第997章 第三旗鼓(1 / 1)

第三旗鼓从城头压下来时,第二旗台反而安静了。

这安静让宋砚心头一沉。第二旗主不再急着改账,是因为更大的审场已经张开。鼓声每落一次,外堡长街上的火牌便亮一盏;火牌连成线,把粮仓、旗台、侧廊和封门街全部圈进同一片灰光里。

“他们要把整座外堡变成审判场。”宋砚道。

旗主声音从台上传来:“既然你们要众证,那就让众人都看。”

顾长风冷笑:“听着挺公道。”

韩烈却摇头:“不是公道,是围观。”

果然,鼓声第三下后,长街两侧浮出许多淡影。有外堡官吏,有王城旁支,有白烬商队的账房,还有一些只露半张脸的观审人。他们不是来听证的,而是来等临江队出错。只要林夜救一人慢了,他们就能说他弃证;只要他救一人快了,他们就能说他偏证。

宋砚暗页上的字开始发烫。

“容量不够。”他低声道。

澜丘刚拆下蓝环页扣,水纹还未完全稳住。若再强记整座外堡的观审影,暗页会裂,之前许岑、许临、林战衣角、候选印未受名等证也会被牵连。

林夜看向澜丘:“能撑吗?”

澜丘没有逞强:“不能全撑,只能分流。”

他把蓝环碎扣再拆两枚,分别交给许临和照水。许临负责粮仓活证,照水负责守台旁证,宋砚只记能指向旗主和王城的主证。证链第一次从一个人手里分出去。

这很危险。

分出去就可能被篡,也可能有人承受不住临阵退缩。可若不分,宋砚会被整座审场压垮。

宋砚把主证暗页撕出一道细边,分别贴在许临和照水的蓝环碎扣上。这样做会让他的暗页少一层护封,之后若有人攻击主证,他首当其冲。

澜丘看见了,低声道:“你可以不撕。”

宋砚笑得有点勉强:“观审席会问,凭什么突然相信他们。答案是我不只相信人,也留了反校。谁改他们手里的证,我这里会疼。”
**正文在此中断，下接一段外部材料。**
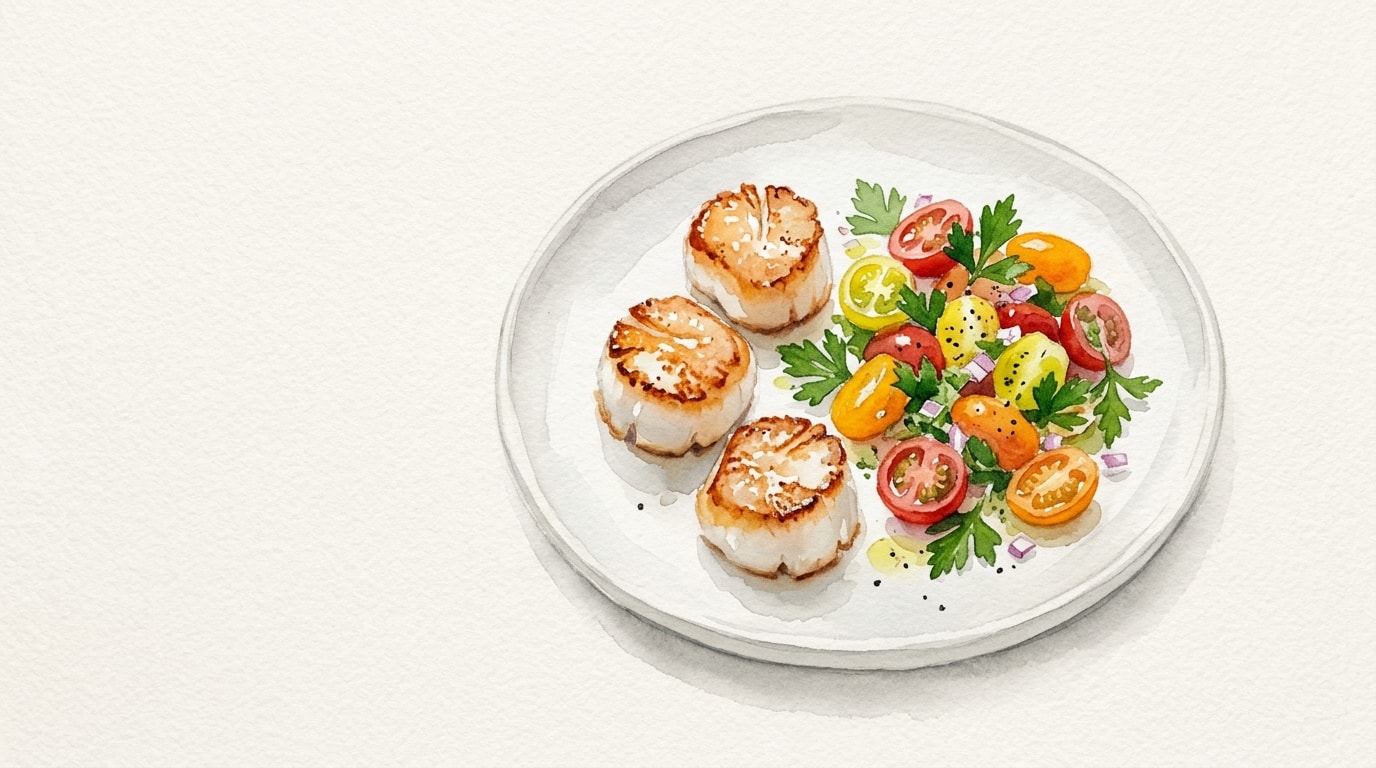 Thoroughly pat the sea scallops dry using paper towels. Moisture is the enemy of a good sear. Wash hands and surfaces thoroughly after handling raw shellfish to prevent cross-contamination.
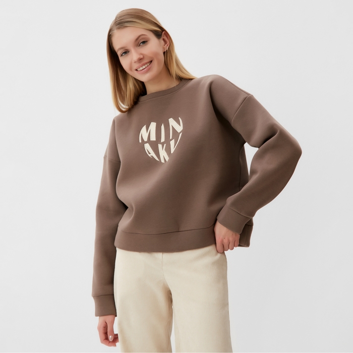 Свитшот женский MINAKU: Velvet Collection цвет коричневый, размер 44

话音刚落,他指尖果然裂出一道血口。许临那边刚接住第一批活证名录,旗鼓便试图把“赵简”改成“赵犯”。宋砚指尖一痛,立刻发现异常,骨笔反勾,把“犯”字刮回未定。

许临脸色发白,却没有松开碎扣。

他第一次明白,记证也会流血。

许临看着掌心蓝环碎扣,声音发紧:“我以前只会按编号领粮。”

照水哑声道:“那现在按名字记。”

第三旗鼓骤然变急,城头火牌投下一道长影,直压许临。吞火虫正要扑过去,林夜却只让它咬住影子的边缘。真正挡在许临前面的,是刚刚坐下的赵简。

赵简举起自己的名牌:“许临所记,有我旁证。”

又一名活证举牌:“我旁证。”

一个接一个,残哑的声音把长影顶住。

宋砚终于翻开新页,写下:活证自护,不归候选私属。

这一笔落下,蓝环页扣映出一片远处的座影。

座影高悬在火牌之后,像一排冷眼。

王城观审席,开了。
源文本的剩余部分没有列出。